5.4 Persistent Storage with MongoDB

Store conversations in MongoDB:

@Component
public class MongoChatMemoryStore implements ChatMemoryStore {

    @Autowired
    private MongoTemplate mongoTemplate;

    @Override
    public List<ChatMessage> getMessages(Object memoryId) {
        ChatMessages stored = mongoTemplate.findOne(
            Query.query(Criteria.where("memoryId").is(memoryId)),
            ChatMessages.class
        );
        return stored == null
            ? new ArrayList<>()
            : ChatMessageDeserializer.messagesFromJson(stored.getContent());
    }

    @Override
    public void updateMessages(Object memoryId, List<ChatMessage> messages) {
        Query query = Query.query(Criteria.where("memoryId").is(memoryId));
        Update update = new Update().set("content",
            ChatMessageSerializer.messagesToJson(messages));
        mongoTemplate.upsert(query, update, ChatMessages.class);
    }
}

Update configuration:

@Bean
ChatMemoryProvider chatMemoryProvider(MongoChatMemoryStore store) {
    return memoryId -> MessageWindowChatMemory.builder()
            .id(memoryId)
            .maxMessages(20)
            .chatMemoryStore(store)  // Persistent storage
            .build();
}

6. Function Calling

6.1 What is Function Calling?

Function calling allows the LLM to invoke your Java methods. The LLM:

Analyzes the user’s request
Decides if a tool is needed
Extracts parameters
Calls your method
Uses the result in its response

User: Book an appointment with Dr. Wang tomorrow at 2pm

LLM → Detects "book appointment" intent
    → Calls bookAppointment(doctor="Dr. Wang", date="2025-06-12", time="14:00")
    ← Returns "Appointment confirmed"
    → Responds: "Your appointment with Dr. Wang is confirmed for tomorrow at 2pm."

6.2 Creating Tools

Annotate methods with @Tool:

@Component
public class CalculatorTools {

    @Tool(name = "sum", value = "Add two numbers")
    public double sum(
            @P(value = "First number") double a,
            @P(value = "Second number") double b) {
        return a + b;
    }

    @Tool(name = "squareRoot", value = "Calculate square root")
    public double squareRoot(@P(value = "Number") double x) {
        return Math.sqrt(x);
    }
}

@AiService(
    wiringMode = EXPLICIT,
    chatModel = "openAiChatModel",
    chatMemoryProvider = "chatMemoryProvider",
    tools = "calculatorTools"  // Tool bean name
)
public interface MedicalAssistant {
    String chat(@MemoryId Long id, @UserMessage String message);
}

6.3 Appointment Booking Tool

Real-world example for medical appointments:

@Component
public class AppointmentTools {

    @Autowired
    private AppointmentService appointmentService;

    @Tool(name = "checkAvailability",
          value = "Check if a doctor has available slots")
    public boolean checkAvailability(
            @P(value = "Department name") String department,
            @P(value = "Date in YYYY-MM-DD format") String date,
            @P(value = "Time slot: morning or afternoon") String time,
            @P(value = "Doctor name (optional)", required = false) String doctorName) {

        return appointmentService.hasAvailability(department, date, time, doctorName);
    }

    @Tool(name = "bookAppointment",
          value = "Book a medical appointment.

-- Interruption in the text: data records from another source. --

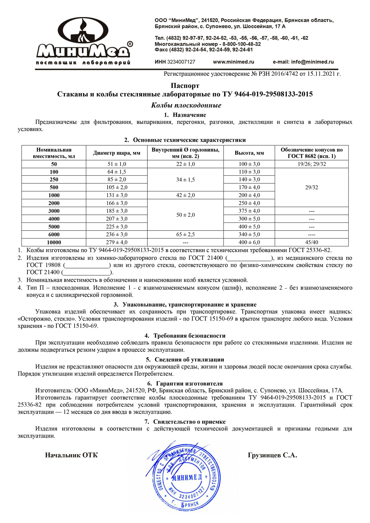 - Стаканы и колбы стеклянные лабораторные. МиниМед. Беларусь. РУ-1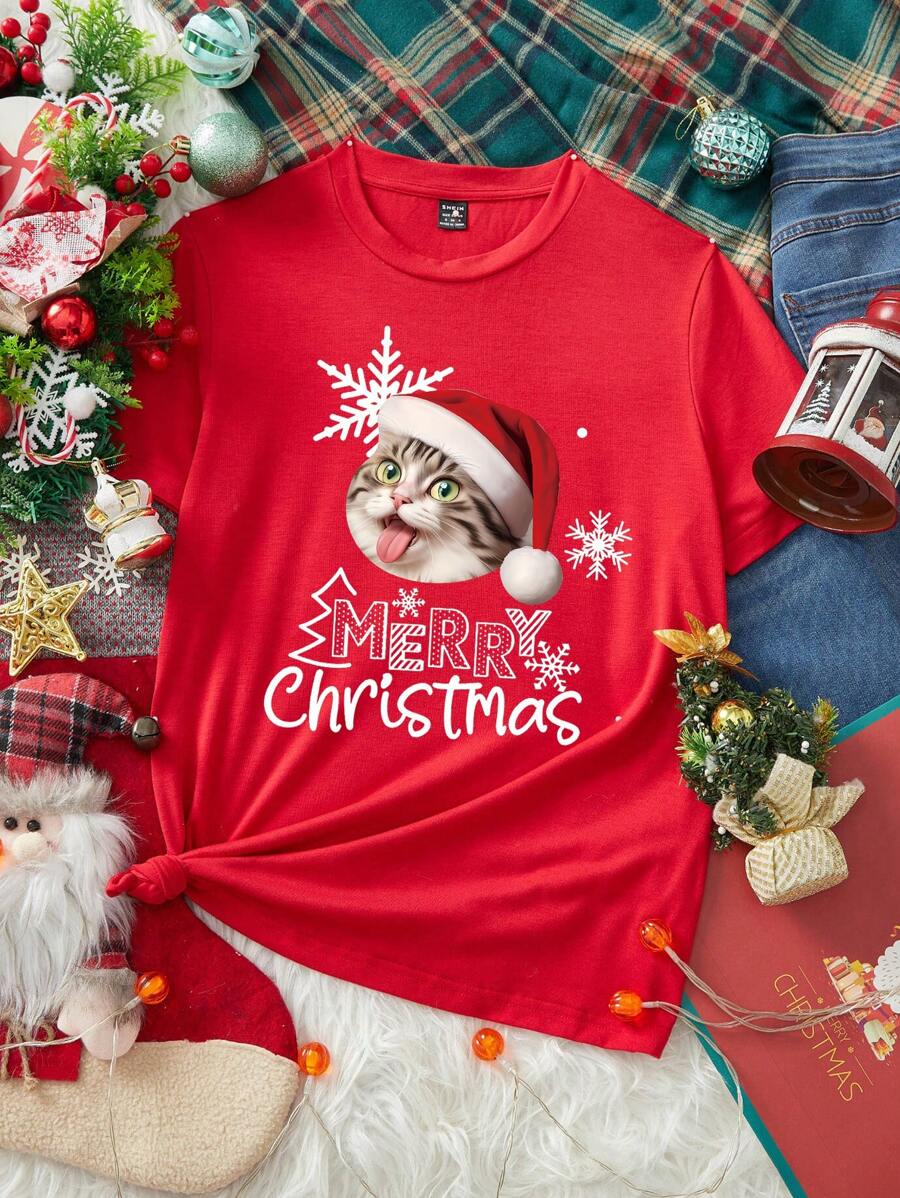T-Shirt a Maniche Corte Rossa da Donna - Stampa Gatto di Natale e Girocollo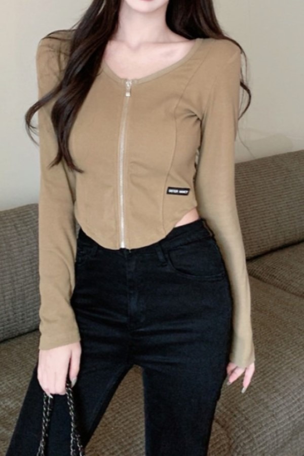비엘라 집업 라운드넥 긴소매 롱슬리브 크롭 니트 가디건
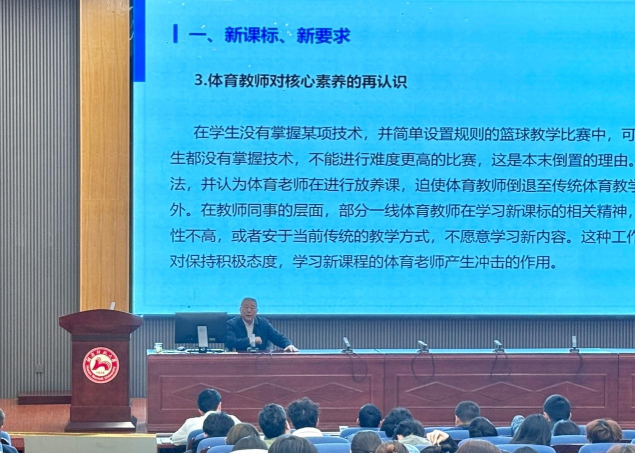 随后,由长沙市一中马王堆中学校长罗立开展主题为“新课标背景下指向核心素养的体育与健康教育”的讲座。他着重强调了体育课前准备中精准设计的关键意义,详细阐述了体育课的四个核心环节,并指出以学生为本的教学方法和手段是提升教学质量的重要途径,鼓励同学们努力成为有根有魂的体育老师,在教学中传递体育精神、塑造学生品格。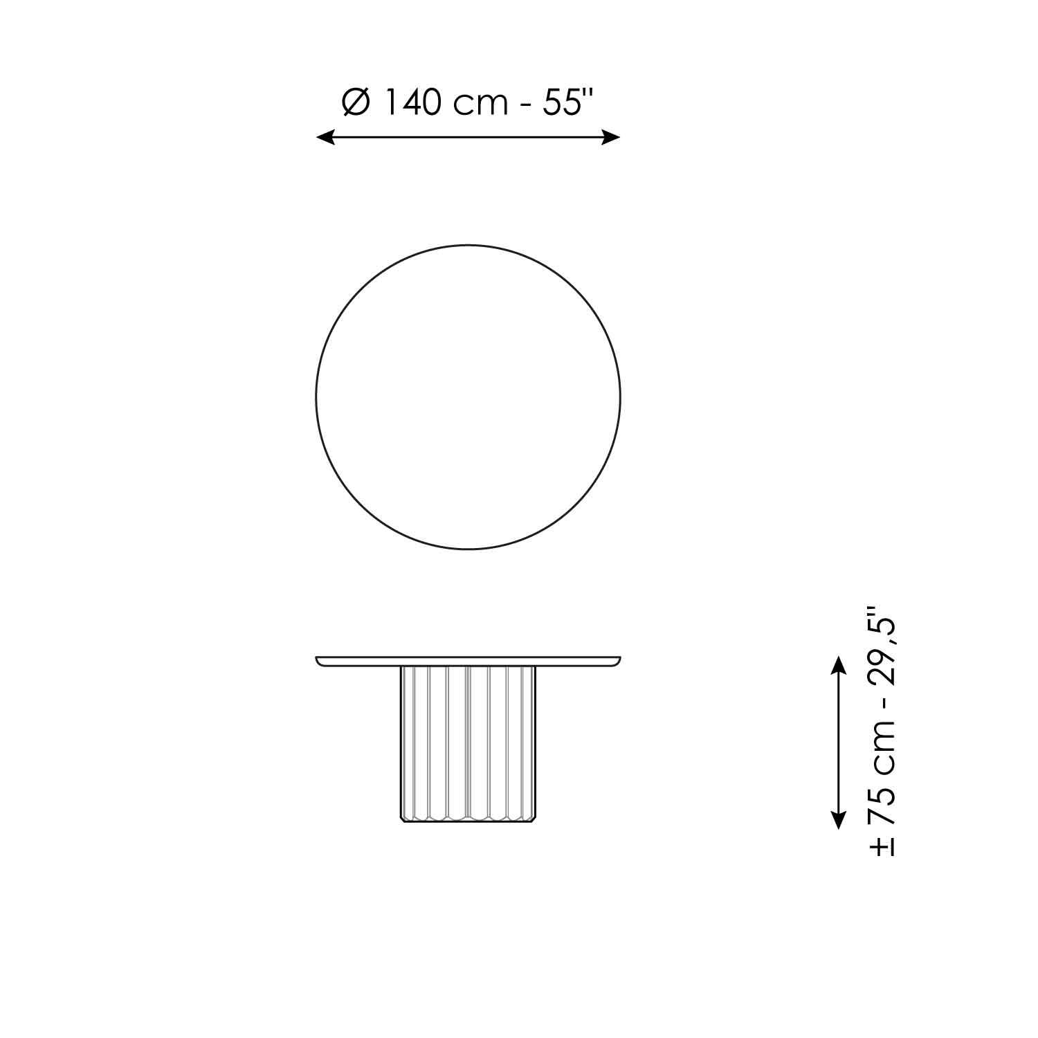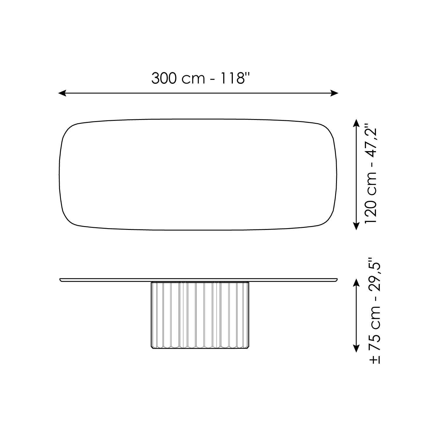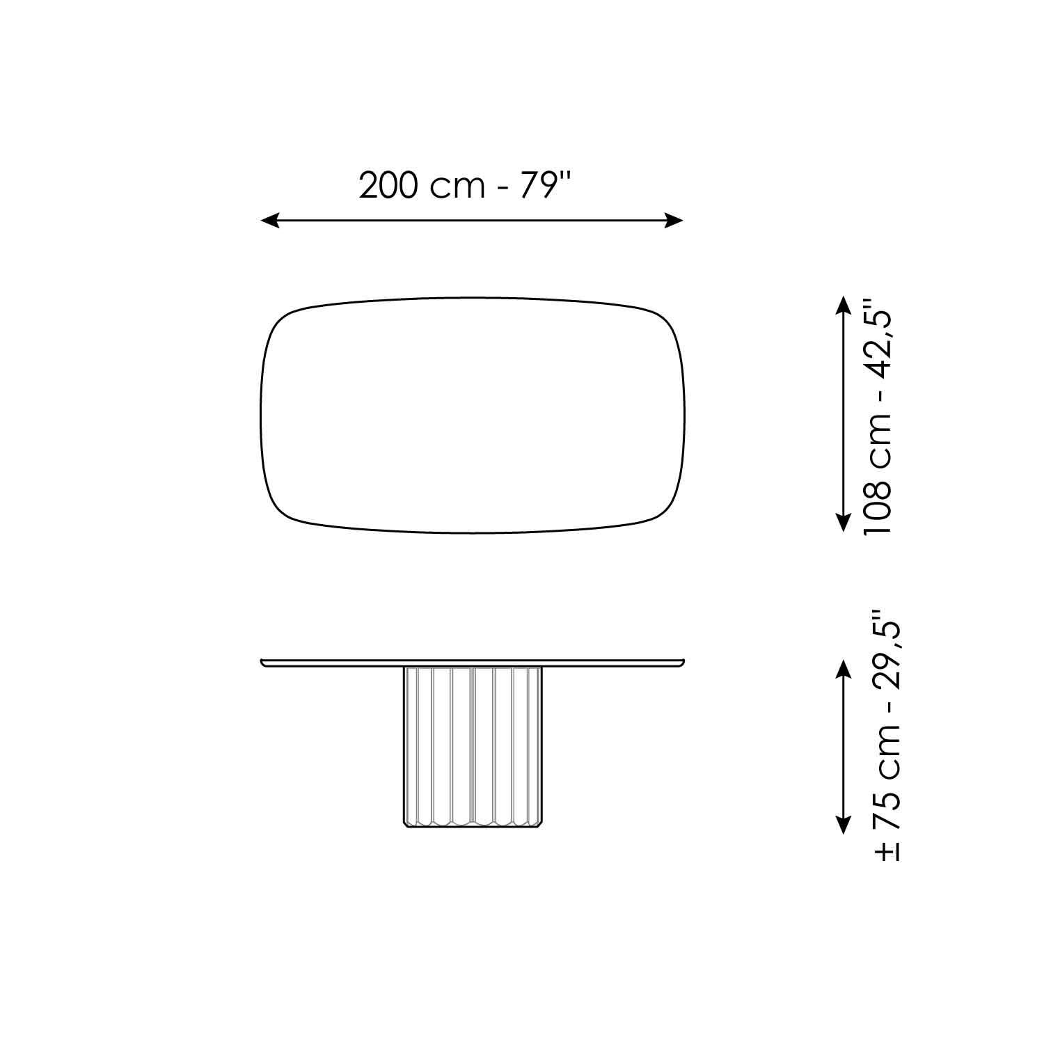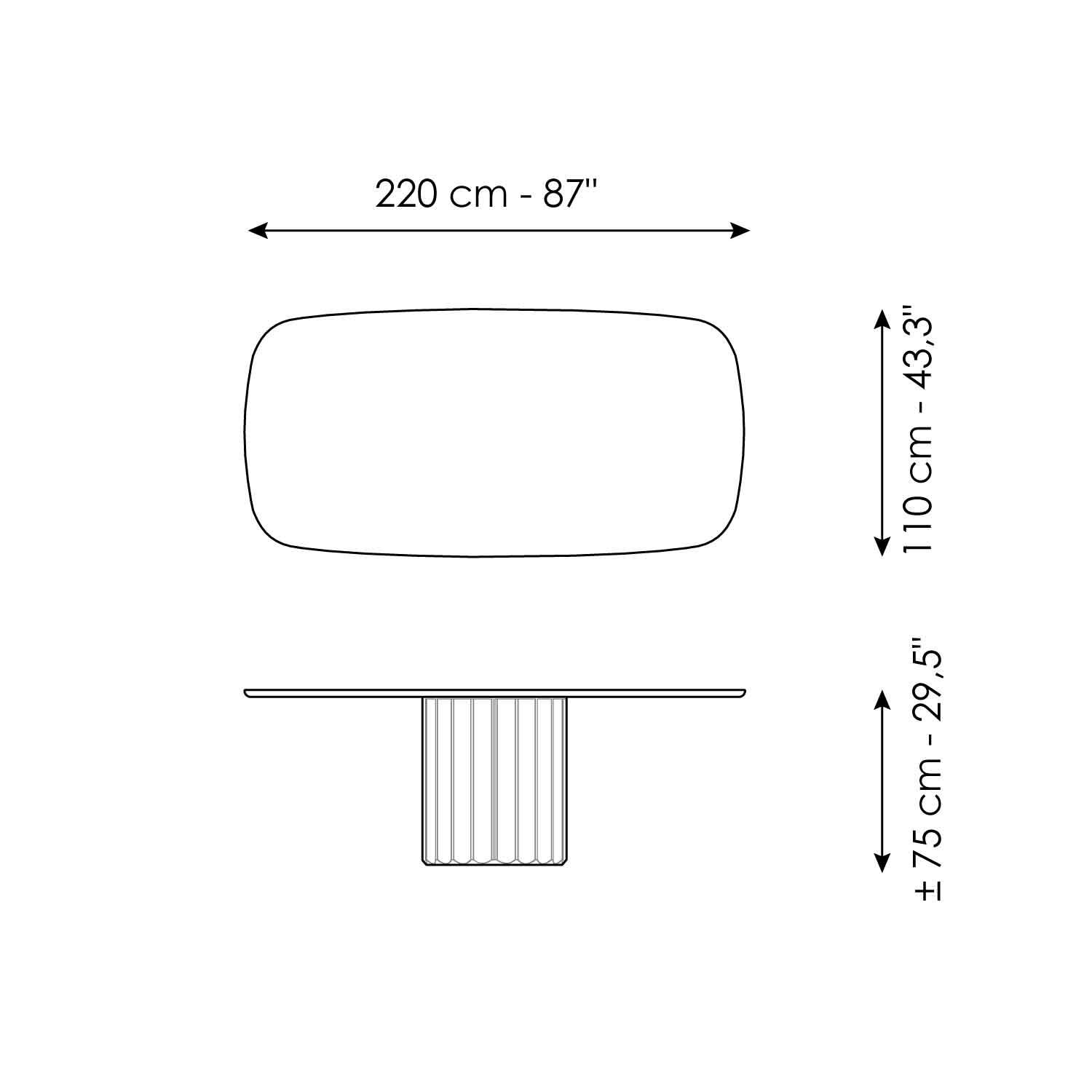 In the Dorian modern oval dining table, flexible qualities and geometric simplicity establish an interplay through contrast. The large top - made of ceramic, marble or wood - rests on a base with a striking sculptural character, consisting of an elegant and surprising elongated cylinder that recalls the shape of a Greek column and which pushes the design towards ancient architectural horizons.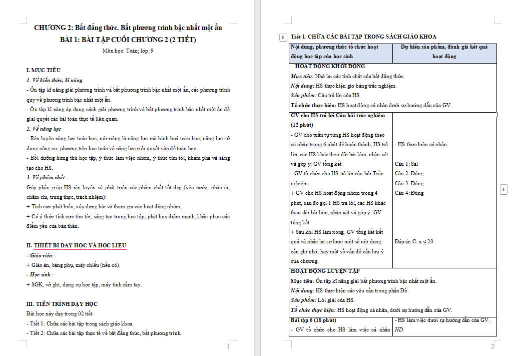 Xem đầy đủ nội dung Giáo án Toán 9 Bài tập cuối chương 2 trong file tải về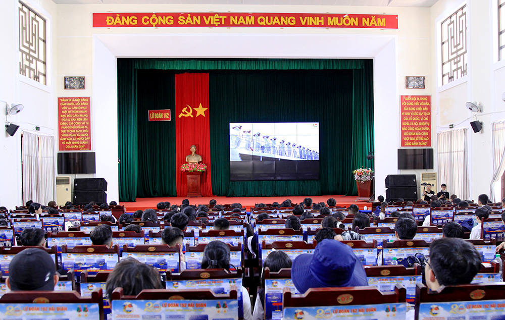 Sáng 10/12, gần 500 giáo viên, học sinh Trường THCS Nguyễn Du, TP. Đà Lạt, tỉnh Lâm Đồng đã đến tham quan, tìm hiểu thực tế tại Lữ đoàn 162, Vùng 4 Hải quân (TP. Cam Ranh, tỉnh Khánh Hòa).
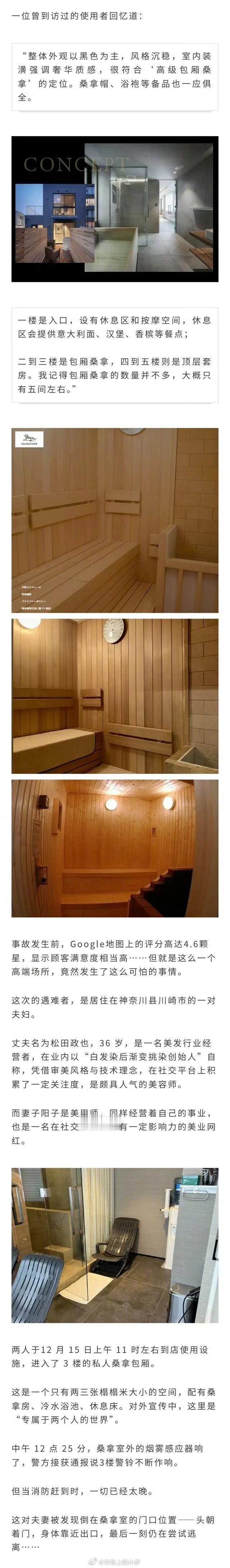 日本夫妇惨死桑拿房 12月15日,东京高端桑拿SAUNATIGER内,一对网红夫妇在70℃包厢内不幸身亡。本该守护安全的设施全成摆设。不符合行业规范的L形门把手脱落封门,两年未通电的紧急按钮沦为装饰,事发时三名工作人员竟全离岗。夫妇俩捶门至双手出血、用桑拿石划玻璃自救,最终仍倒在门边。这场悲剧撕开了高端服务业乱象。当商家只顾堆砌奢华体验,忽视基础安全,再高的评分、再优的质感,也不过是用生命为代价的危险噱头。安全底线不容失守,任何商业创新都不能凌驾于生命之上!生命有且只有一次

Confirm details with user first.")
    public String bookAppointment(
            @P(value = "Patient name") String patientName,
            @P(value = "Patient ID card number") String idCard,
            @P(value = "Department") String department,
            @P(value = "Date in YYYY-MM-DD") String date,
            @P(value = "Time: morning or afternoon") String time,
            @P(value = "Doctor name (optional)", required = false) String doctorName) {

        Appointment appointment = new Appointment();
        appointment.setPatientName(patientName);
        appointment.setIdCard(idCard);
        appointment.setDepartment(department);
        appointment.setDate(date);
        appointment.setTime(time);
        appointment.setDoctorName(doctorName);

        boolean success = appointmentService.save(appointment);
        return success ? "Appointment booked successfully" : "Failed to book appointment";
    }

    @Tool(name = "cancelAppointment",
          value = "Cancel an existing appointment")
    public String cancelAppointment(
            @P(value = "Patient name") String patientName,
            @P(value = "ID card number") String idCard,
            @P(value = "Department") String department,
            @P(value = "Date in YYYY-MM-DD") String date) {

        boolean success = appointmentService.cancel(patientName, idCard, department, date);
        return success ? "Appointment cancelled successfully" : "No matching appointment found";
    }
}

7. RAG - Retrieval-Augmented Generation

7.1 Why RAG?

LLMs have knowledge cutoff dates. They don’t know:

Your hospital’s specific departments
Doctor schedules and specialties
Latest hospital policies
Internal procedures

RAG retrieves relevant documents and provides them as context:

Approach	Pros	Cons
Fine-tuning	Fast inference, high accuracy	Expensive, slow to update, requires expertise
RAG	Easy to update, cost-effective, no training	Requires two queries (retrieval + generation)

7.2 Vector Search Explained

Vectors are numerical representations of text. Similar texts have similar vectors.

1
2
3

"Cardiology department"  → [0.1, 0.3, -0.2, ...] (1024 dimensions)
"Heart specialist"       → [0.12, 0.28, -0.19, ...] (similar vector)
"Dentistry"              → [-0.5, 0.1, 0.8, ...]   (different vector)

Similarity Calculation:

Cosine Similarity: Measures angle between vectors
Euclidean Distance: Measures straight-line distance

Higher similarity = more relevant content.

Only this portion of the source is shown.